It has become evident that on this campus relationships are becoming more and more like marriages without the ring. A couple begins by spending weekends at each other’s houses, then it increases to three or four times a week and then every night. The next thing you know there is an extra toothbrush in your holder, extra shoes under your bed and extra clothes in your closet.
Though while you and your mate are now sharing a room what else are you sharing? Does your boy or girlfriend have the password to your e-mail address? Does he or she know the secret code that locks and unlocks your phone? Or does he or she have a key to your house? Some students on this campus would argue that some things should be kept private.
Shakema Colman, a third-year elementary education major from South Carolina does not feel that passwords and things should be shared between mates. “Me personally, I wouldn’t share all of that with my boyfriend, but everyone is different. I think people should do what makes them happy.” Colman, 20, feels that if people want to know that information then their motif might be because they suspect their mate is hiding something and don’t trust him or her.

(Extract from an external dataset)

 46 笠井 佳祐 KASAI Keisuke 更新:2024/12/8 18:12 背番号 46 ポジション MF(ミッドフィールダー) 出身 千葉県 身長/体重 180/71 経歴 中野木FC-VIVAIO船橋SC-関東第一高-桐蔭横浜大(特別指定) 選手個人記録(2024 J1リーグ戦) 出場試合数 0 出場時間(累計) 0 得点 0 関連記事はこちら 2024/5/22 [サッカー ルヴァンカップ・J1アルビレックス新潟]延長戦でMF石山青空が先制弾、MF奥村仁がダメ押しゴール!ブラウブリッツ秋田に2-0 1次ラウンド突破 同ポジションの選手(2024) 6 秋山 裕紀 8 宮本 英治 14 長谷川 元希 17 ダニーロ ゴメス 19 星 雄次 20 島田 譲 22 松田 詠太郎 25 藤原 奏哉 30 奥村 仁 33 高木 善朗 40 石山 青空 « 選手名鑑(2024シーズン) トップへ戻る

Micheal Spence however feels differently about the topic. When asked whether or not couples should share keys and passwords he said there is nothing wrong with it. “As long as your boy or girlfriend’s roommates don’t mind you having a key to their apartment, then there shouldn’t be a problem.” Spence, 22, and a fourth year Health and Physical Education major form Miami has been in a relationship with his girlfriend for over a year and admits they share everything from passwords, to social security numbers.
Another male on campus had a similar view.
“Why wouldn’t you share your passwords and things with your mate?” asked Kevin Robinson, 22. “If you are trying to keep things from the person you are with, then there is no genuine attraction.” Robinson is a fourth year Physics major from Bowie, Maryland, and prior to marrying his wife of eight months, they hid nothing from each other.
Ultimately the choice is up to the couple. If both you and your mate feel that your relationship has grown enough to the point where you can share everything, and you both are mature enough to handle each other’s private information then do it.
The information should not be shared to spy or check up on your boy or girlfriend. If you feel there is a need to check up on your mate, or keep things from them then you should look at the relationship and ask yourself why.